In this posts Richard will take us through his experience of building a search engine using microservices and how using a microservice architecture can be used to isolate features and create separate components that can be independently developed, deployed and maintained. Part one will introduce you to microservices and start you building your components and modules. Next week, we’ll cover testing the microservice!


Finding the right Node.js module is hard. With over 90,000 modules (and counting!) it can be tricky to pick the right one. You’ll often come across multiple modules that solve your problem. They are often incomplete, abandoned or just badly documented. It’s hard to make the right choice and you have to rely on rules of thumb. When was the last commit? How many stars? How credible is the author?

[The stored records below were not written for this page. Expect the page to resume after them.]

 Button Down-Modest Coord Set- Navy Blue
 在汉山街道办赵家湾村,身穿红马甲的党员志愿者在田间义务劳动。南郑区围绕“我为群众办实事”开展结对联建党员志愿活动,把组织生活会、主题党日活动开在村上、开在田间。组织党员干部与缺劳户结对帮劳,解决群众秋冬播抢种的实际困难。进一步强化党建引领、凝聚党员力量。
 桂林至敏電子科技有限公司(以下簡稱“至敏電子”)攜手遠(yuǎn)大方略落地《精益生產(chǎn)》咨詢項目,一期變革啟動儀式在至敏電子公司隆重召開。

It would be great if there was a search engine for Node.js modules that ranked them using these heuristics. I built one in late 2012 that tried to do just that. It was a miserable failure! The quality of the results was pretty poor – see for yourself at nodezoo.com. Search engines are harder than they look, let me tell you. Recently I decided to try again. This time, I wanted to use a microservice architecture. This lets me iterate many aspects of the engine, so that it can get better over time.

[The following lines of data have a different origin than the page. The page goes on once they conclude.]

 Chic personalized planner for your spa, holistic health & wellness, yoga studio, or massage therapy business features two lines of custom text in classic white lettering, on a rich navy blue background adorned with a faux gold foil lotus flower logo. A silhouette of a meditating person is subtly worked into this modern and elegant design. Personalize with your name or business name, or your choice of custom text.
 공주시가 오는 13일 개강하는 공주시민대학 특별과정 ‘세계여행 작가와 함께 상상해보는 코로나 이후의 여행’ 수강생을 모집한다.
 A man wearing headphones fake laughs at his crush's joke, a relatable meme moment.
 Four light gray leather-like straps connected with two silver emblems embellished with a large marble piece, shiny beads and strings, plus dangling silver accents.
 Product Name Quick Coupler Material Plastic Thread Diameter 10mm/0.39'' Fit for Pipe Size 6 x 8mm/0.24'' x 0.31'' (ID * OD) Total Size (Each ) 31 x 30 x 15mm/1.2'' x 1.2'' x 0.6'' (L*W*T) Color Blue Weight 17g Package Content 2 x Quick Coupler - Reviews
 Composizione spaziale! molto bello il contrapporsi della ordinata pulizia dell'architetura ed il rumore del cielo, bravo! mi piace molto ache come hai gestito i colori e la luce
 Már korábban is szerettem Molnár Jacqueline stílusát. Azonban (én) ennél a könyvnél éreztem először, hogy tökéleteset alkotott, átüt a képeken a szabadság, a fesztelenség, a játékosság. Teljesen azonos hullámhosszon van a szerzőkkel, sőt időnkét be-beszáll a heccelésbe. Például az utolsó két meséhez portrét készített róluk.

This blog post is the first in a series covering nodezoo version 2.0. I’ll also be talking about this at my upcoming In The Brain talk on September 22nd. In this blog post you’ll see how a microservice architecture can be used to isolate the features of the search engine into separate components that can be independently developed, deployed, and maintained – developer heaven!

Let’s focus on the information page for each module. After you get your search results, you should be able to click-through to a page that shows you all the useful meta data about a module, such as the number of Github stars, so that you can compare it with other modules. So today we’ll build out one of the services needed to collect that information and display it.

Why Microservices?

The search engine will use a microservice architecture. Let’s take a closer look at what that means. Microservices are small, independently running processes. Instead of a single large, monolithic application running all your functionality, you break it apart into many separate pieces that communicate with each other over the network.

There are quite a few informal “definitions” of microservices out there:

…developing a single application as a suite of small services, each running in its own process and communicating with lightweight mechanisms, often an HTTP resource API
James Lewis & Martin Fowler

…a system that is built up of small, lightweight services, where each performs a single function. The services are arranged in independently deployable groups and communicate with each other via a well defined interface and work together to provide business value.
David Morgantini

…a simple application that sits around the 10-100 lines-of-code mark
James Hughes

And even a “ManifestNO”
Russell Miles

Of course, I have my own definition! It’s really the effect on humans that matters most. Microservices are just more fun. I prefer:

An independent component that can be rewritten in one week.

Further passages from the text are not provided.